By Peter A. Gloor
Swarm Creativity introduces the notion of "Collaborative Innovation Networks" (COINs; p.3) in which "knowledge workers collaborate and share in internal transparency" (p.4). The basic concept should sound familiar if you've read much of the popular business literature on knowledge work: COINS "communicate directly rather than through hierarchies"; "innovate and work toward common goals in self-organization"; and they are "the most productive engines of innovation ever" (p.4, author's italics). Gloor argues strongly that these COINs "Innovate through massive collaborative creativity"; "Collaborate under a strict ethical code"; and "Communicate in direct-contact networks" (p.12). And Gloor lists a variety of benefits that COINs deliver to organizations: agility; external knowledge; hidden opportunities; synergies; reduced costs and time; experts and hidden contributors; more secure organizations (pp.12-14).
But if you're familiar with this literature, you may be wondering what benefits this book delivers that go beyond others you've read. That's a hard question to answer. Gloor draws from familiar literature (Granovetter, Gladwell, Malone) and familiar examples (Linux, Wikipedia), but his COIN construct is a bit more specialized than the networks implied by the literature he cites. In particular, he specifies that COINs form around "charismatic, inspirational and creative thought leaders" (p.37) surrounded by "motivated disciples" (p.40), providing Leonardo da Vinci's circle as one historical example (Ch.2, 3). Strikingly, this sort of network, which is ideologically centralized around a charismatic leader but is operationally distributed, is described as one type of network in Castells' The Power of Identity; the exemplar there is Aum Shinrikyo.
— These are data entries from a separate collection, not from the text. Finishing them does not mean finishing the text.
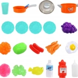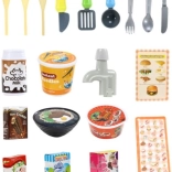Lonac s poklopcem, tava, tanjuri, pribor za jelo, voće i povrće, napici i „namirnice” – sve što je potrebno malim kuharima u jednom paketu.
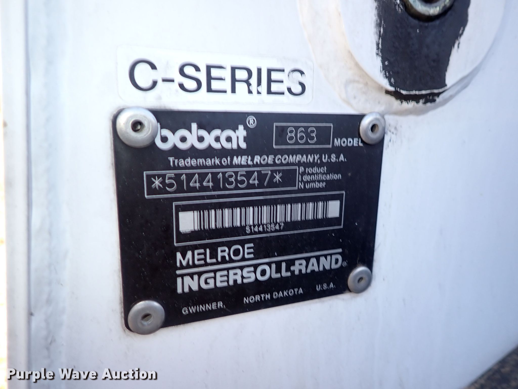 Purple Wave is selling a used Skid Steer Loader in Kansas. This item is a 1997 Bobcat 863H skid steer loader with the following: Hours: 1,618 on meter, Miles or hours may vary, unit still in use, Serial: 514413547
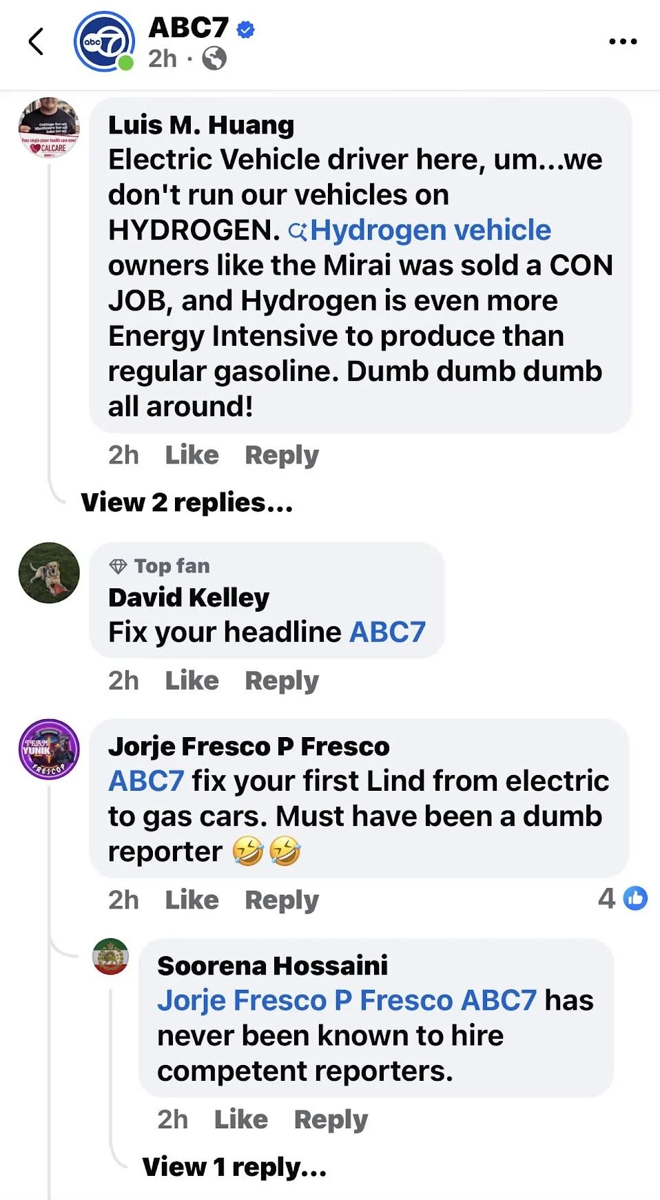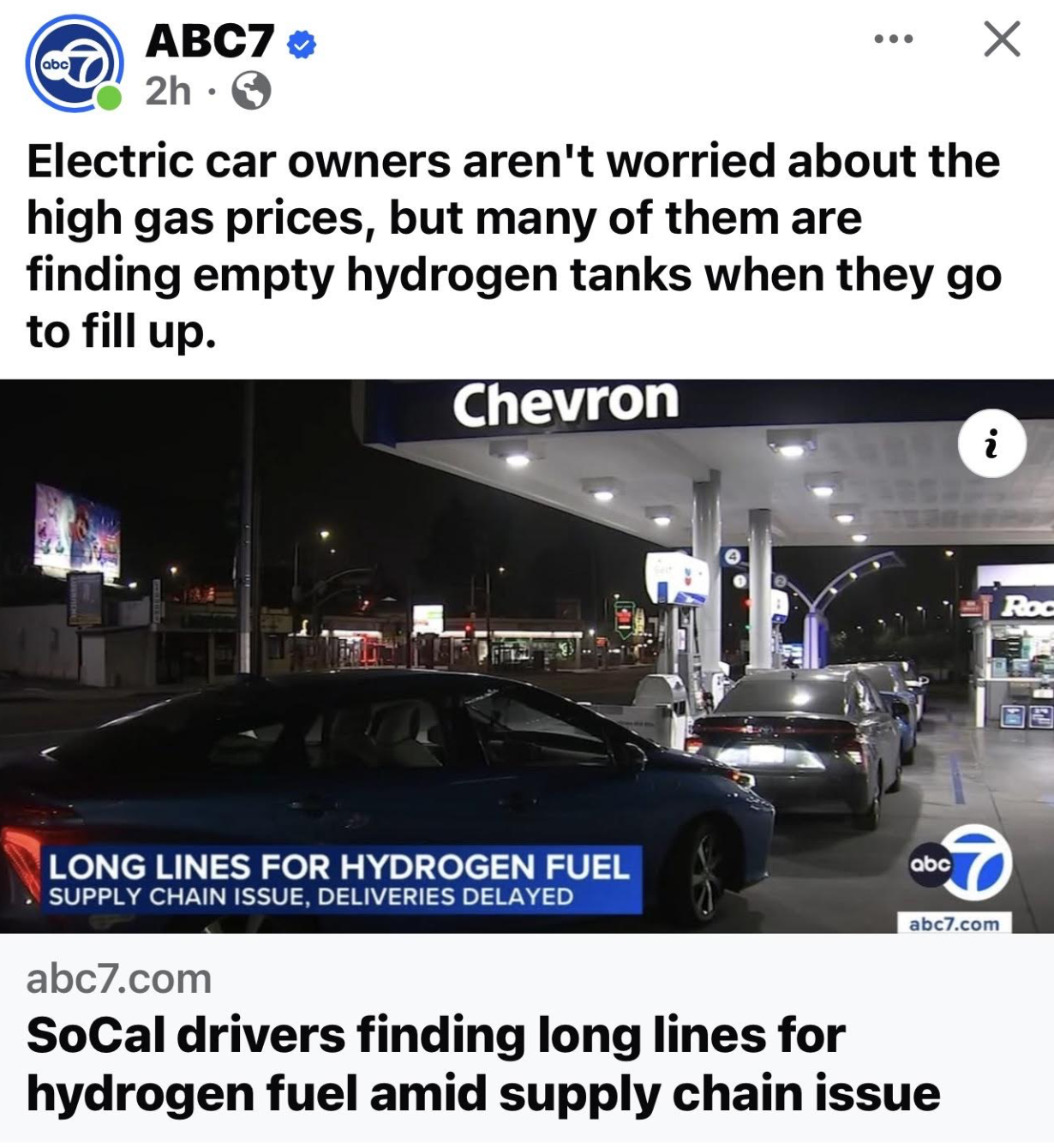 /As someone that has driven an electric car since 2012, I can assure you, of the 4 electric cars that I have owned, not one of them, or any electric car that I know of, runs on hydrogen.
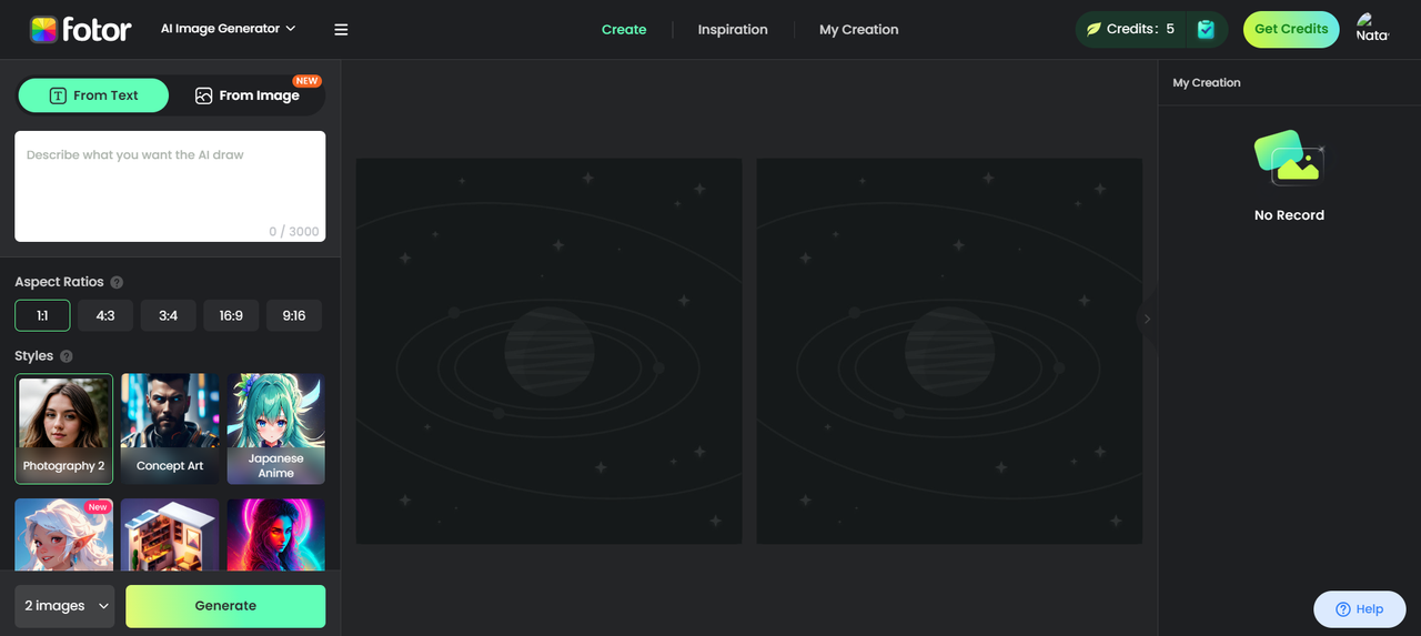 É um gerador de mangá de IA que permite criar selfies de mangá online gratuitamente. Os algoritmos de IA transformam seu texto (prompts de palavras) ou imagens em imagens de IA. Você pode adicionar várias imagens para permitir que as ferramentas de IA analisem as imagens de referência para criar um retrato de mangá semelhante. Também permite personalizar as selfies de arte do mangá adicionando estilos e fundos predefinidos.
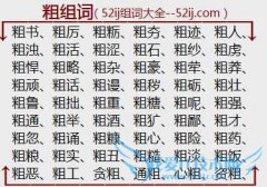 组词大全详解[粗组词]如:粗书、粗厉、粗粝、粗夯、粗迹、粗人、粗浊、粗活、粗涩、粗石、粗纱、粗虏、粗悍、粗略、粗杂、粗豪、粗荦、粗莽、粗顽、粗话、粗谩、粗秽...
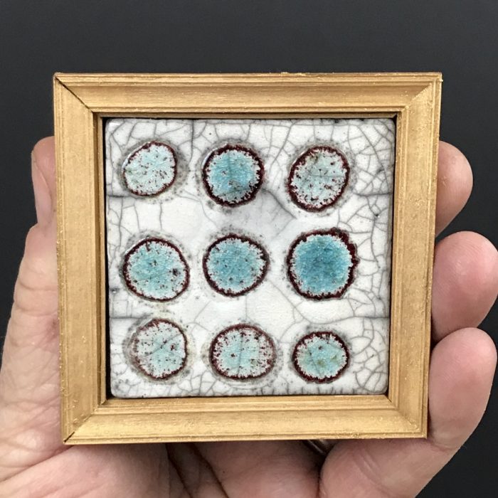 For the Modique Fire Paintings, I paint with glaze onto the 2 inch bisque tile and then let the raku process do the rest. Finished tiles are placed into wooden frames. I hand-make each frame from miniature doll house trims – 3 different designs glued together to create the final style and then each is hand-painted.
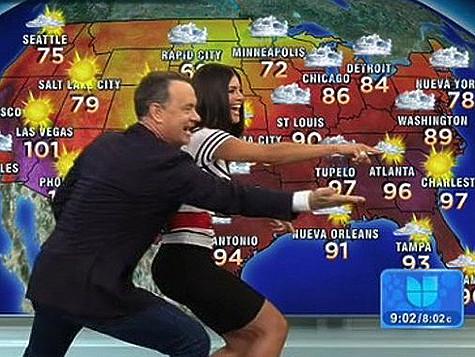 Зрители американского испаноязычного телеканала Univision были изрядно удивлены, когда в 2010 году в эфире утреннего шоу прогноз погоды вышел объявлять Том Хэнкс. Не говорящий по-испански актер попросил включить ему музыку, и затем весело приплясывая вместе с ведущей Чикинкирой Дельгадо начал на чистом английском рассказывать о надвигающихся осадках и температуре воздуха в том или ином городе. Прогноз погоды в тот раз мало кто услышал, но зрители и авторы шоу по достоинству оценили танец кинозвезды.
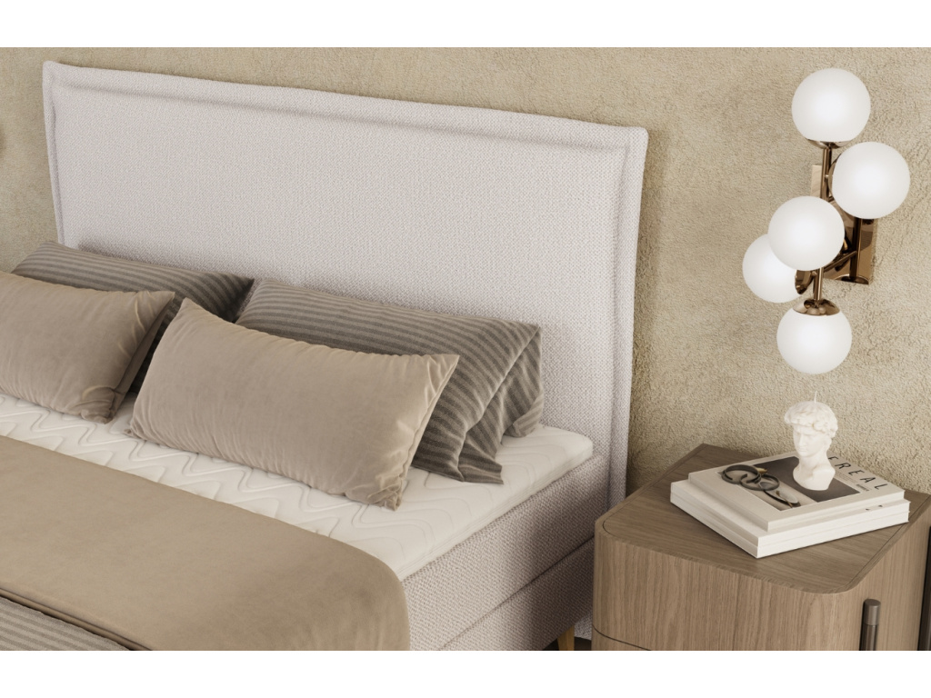ProhlédnoutSvětle béžová čalouněná postel boxspring CALMA 140 x 200 cm
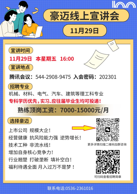【豪迈集团】新一波的招聘岗位开始了,以专科层次为主。
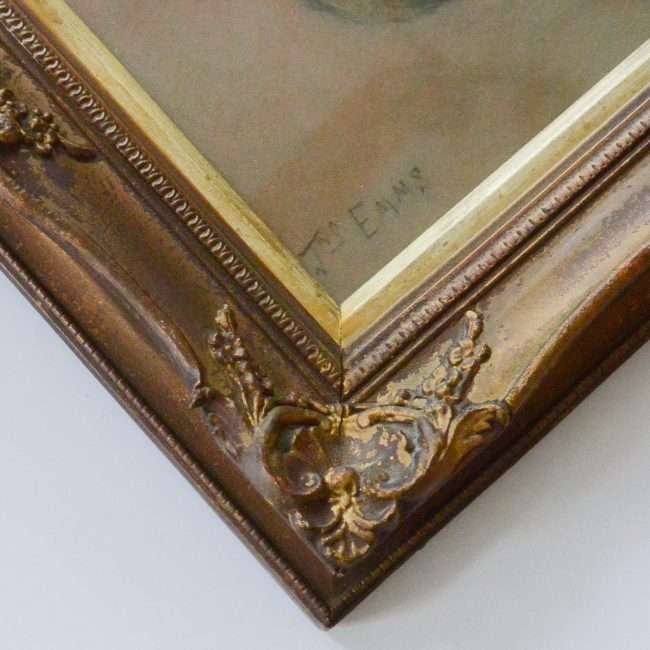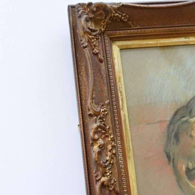 This portrait is a signed original, in mint condition, framed in a gorgeous gilded wood frame, under glass.

But Castells is careful to offer other examples that are not concentrated ideologically. See also the work of Granovetter and Burt, who focus on concrete links among actors rather than ideological ones. And especially see the work of RAND analysts who have been studying swarming: they've developed concrete examples of associational networks that do not center on a particular charismatic leader or ideology, yet innovate in striking ways. By focusing on "thought leaders," Gloor seems to imply that other sorts of networks simply don't deliver the benefits of COINs - and I was left wondering if he was even aware of networks that didn't fit the template he laid out. Indeed, I have strong reservations about COINs' ability to account for loose multidimensional organizations.
That worry was stoked by Gloor's reading of history. At the beginning of Ch.3, he states flatly that "Homo Sapiens beat out Neanderthals because of learning networks": homo sapiens migrated, cooperated, and innovated, and this "flurry of innovations ... led to the extinction of the Neanderthals" (p.49). I'm no anthropologist, but this appears to be a variation of just one of many hypotheses of Neanderthal extinction. I wouldn't hang my hat on it, nor would I put too much stock in Gloor's reading of European history later in the chapter, all of which seems to focus on brilliant individual leaders rather than systemic sociocultural and technical changes.
It's this push-pull between a Great Man view of leadership and a newly distributed, adhocratic labor force that seems to be the central contradiction of the book. Gloor hasn't been able to resolve this contradiction, and consequently I'm reluctant to recommend the book.